"Circles" (also released as "Circles (Instant Party)", "Instant Party (Circles)" and "Instant Party") is a song by the Who. The song, initially planned to be a Who single, saw a complicated release history. There are versions produced by the Who and by Shel Talmy.

Background
"Circles" was written as an attempt to find a different sound after the band's debut album, My Generation. Upon finding out from Pete Townshend that bassist John Entwistle could play trumpet, the band's manager, Kit Lambert, decided to allow the band to try creating a song featuring Entwistle's horns:

Release
"Circles", backed with "Instant Party Mixture", was originally planned for release as the follow-up single to the band's smash hit "My Generation", on the Brunswick label, in February 1966. However, the band secretly broke their contract with producer Shel Talmy soon after the January recordings, and re-recorded the song as the B-side to their new UK single "Substitute". To get Talmy in court as soon as possible, and to ensure the new record could be sold, "Circles" was chosen as the B-side so that Talmy could claim breach of copyright. However, management released the single with the name "Instant Party" as the B-side, in the hope that only copies with "Circles" listed would be withdrawn.

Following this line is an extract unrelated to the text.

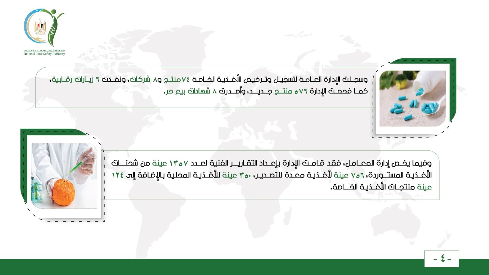 وسجلت الإدارة العامة لتسجيل وترخيص الأغذية الخاصة 74 منتج و8 شركات، ونفذت 6 زيارات رقابية، كما فحصت الإدارة 576 منتج جديد، وأصدرت 8 شهادات بيع حر.
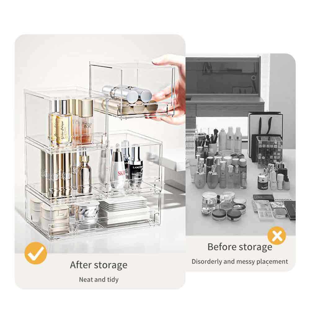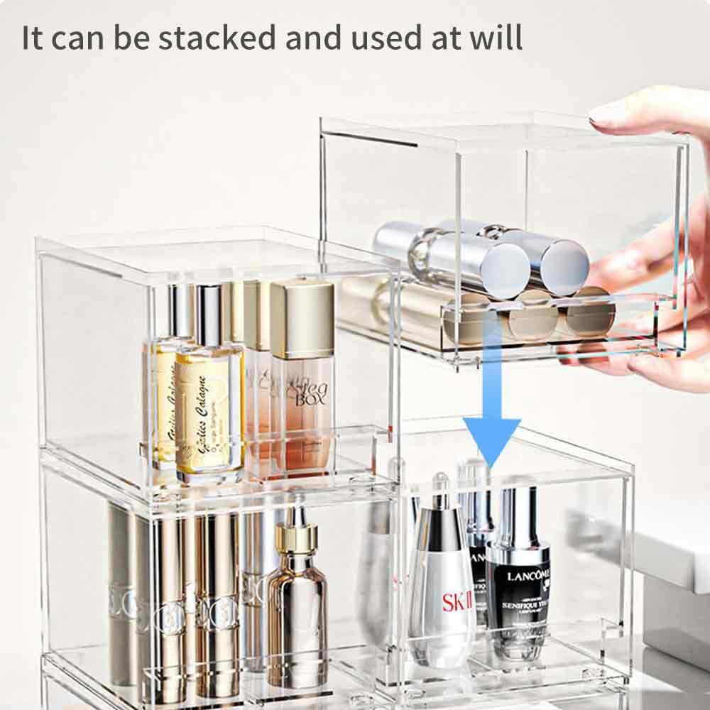 With a modular drawer-style design, it stores beauty products in separate zones, integrating cosmetics, skincare items and makeup brushes in multi-layer drawers. It is freely stackable without tipping over, with smooth drawer slides without jamming. Equipped with non-slip pads at the bottom to protect countertops, it comes in multiple capacities to store lipsticks, eyeshadows, essences, facial masks, makeup brushes and all kinds of beauty products. It keeps items neatly organized to save vanity space, and the fully transparent design allows for quick item search and access. No assembly is required – ready to use right out of the box, balancing beauty organization, storage tidiness and ease of use.

Talmy quickly took legal action against the band for breaking their contract with him, as well as breach of contract over the use of a song he had originally produced for them. This led to the court not only stopping all sales of the single, regardless of the B-side label, but also placing a recording ban on the Who until the end of the proceedings, meaning the single could not be sold. This prompted Kit Lambert or Robert Stigwood to ask Ginger Baker if his band had any instrumentals recorded that they could use, to get around the ban. They had, and he sold the untitled track for £500. The following week, Substitute was back on sale with the now named "Waltz for a Pig", the instrumental by the Graham Bond Organisation on the B-side, credited to the Who Orchestra. The court action was settled on 25 March. Townshend later said of the legal action Talmy took against the group:

After the ban was lifted, all three versions of the single – with "Circles" / "Instant Party" on the B-side as well as the new "Waltz for a Pig" – could be found in stores. It would appear that "Waltz" was the most common found copy. The first version of the song was included as the closing track on their first US album The Who Sings My Generation, substituting "I'm a Man".  The second version of "Circles" was also released on the band's EP, Ready Steady Who in November 1966, as well as on some European releases as the B-side to "Dogs". This version of the song did not see an official US release until the 1987 rarities album Two's Missing. When Substitute was released as a single in the US, the only B-side was "Waltz for a Pig".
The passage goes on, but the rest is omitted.